@CWO:
Considering what is going on in America today, and i am NOT looking for a discussion on today’s political situation mind you, do you guys agree with what America did 75 years ago with Japanese, German and Italian-Americans at that time?
Without getting into the highly charged question of “Considering what is going on in America today,” which is a subject that pertains to present-day politics rather than history, this should actually say “with what America did 75 years ago with Japanese-Americans at that time” because German-Americans and Italian-Americans were not interned – or to put it more bluntly thrown into concentration camps – during the war. There’s a scene in the movie Midway in which the Charlton Heston character meets with the young Japanese girlfriend of his son, who like his dad is a naval aviator. She and her parents have been interned, and at one point she turns to Heston and says angrily, “Damn it, I’m an American! What makes us different from German-Americans or Italian-Americans”? The Heston character, who has the decency to look embarrased, answers, “Pearl Harbor, I guess.” Yes, that was part of the answer…put another part of the answer is that Japanese-Americans were much more visible as minorities in the U.S. than German-Americans and Italian-Americans, both of those latter groups being European rather than Asian.
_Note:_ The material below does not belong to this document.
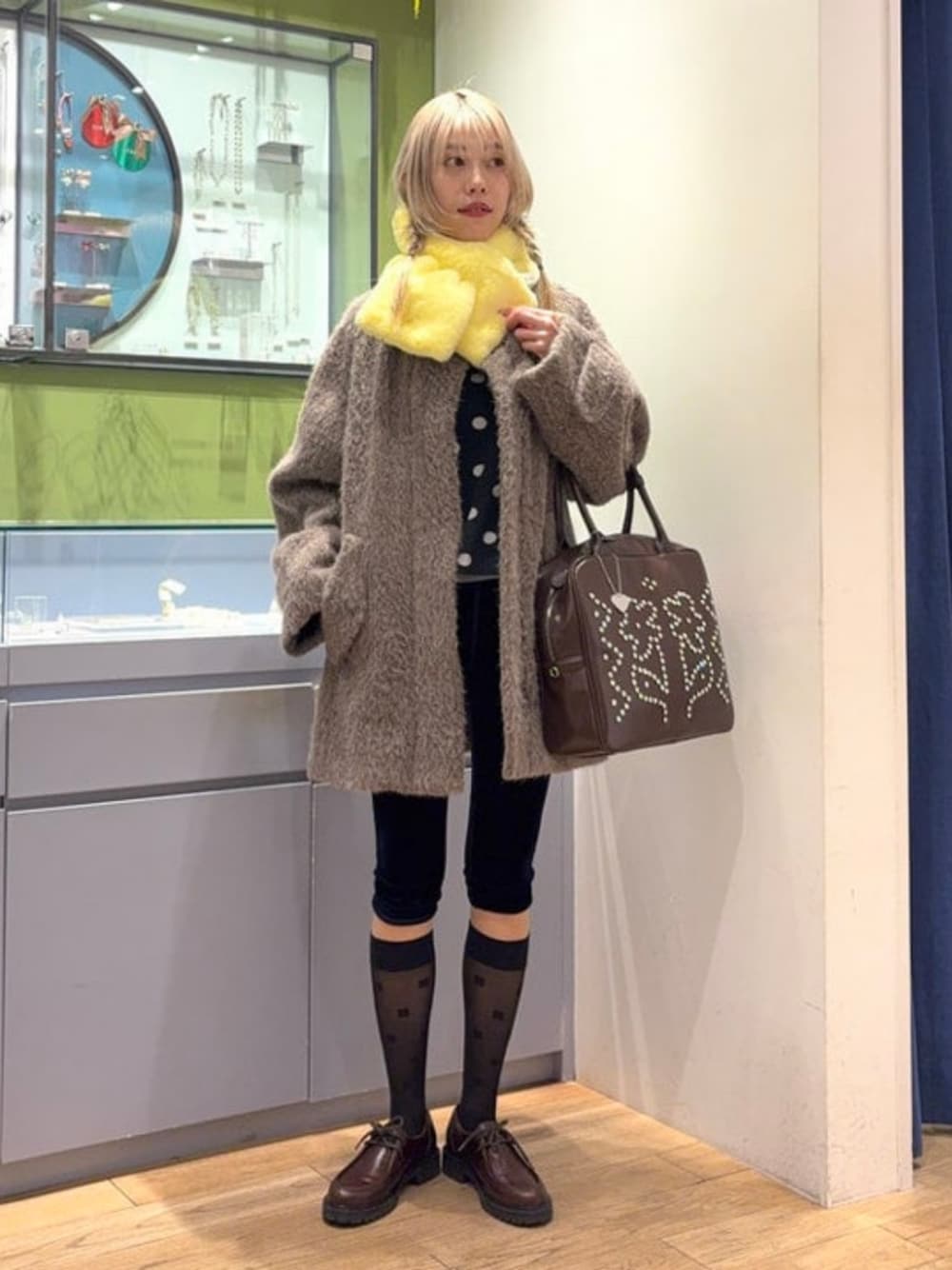 【Web限定カラーが可愛い♡】ひよこちゃんみたいなお色のファーティペットが可愛い〜コーディネートのアクセントになること間違いなし。最近はパステルが気分〜、アウターは164cmサイズ1着用。しっかり中にも着込めるゆとりがありザックリ着れる感じ嬉しい。 Ray BEAMS / おミツ

It is false to assert that German-Americans and Italian-Americans were not interred. Those who’d immigrated to the U.S. from Italy or Germany were in many cases placed in concentration camps. (I saw a television documentary about this.) But it was apparently felt that assimilation was more possible for Germans and Italians than it was for Japanese. Someone of German or Italian blood who’d been born here would not be interred; whereas someone of Japanese blood who’d been born here might.
Conditions in the concentration camps were bad. The inmates were thin. Not so thin as to be in danger of death. But still clearly malnourished. Given that the U.S. as a whole was not experiencing any sort of food shortage during the war, this failure to adequately feed the concentration camp inmates is a black mark upon our record; quite apart from the justice or injustice of interning these people in the first place.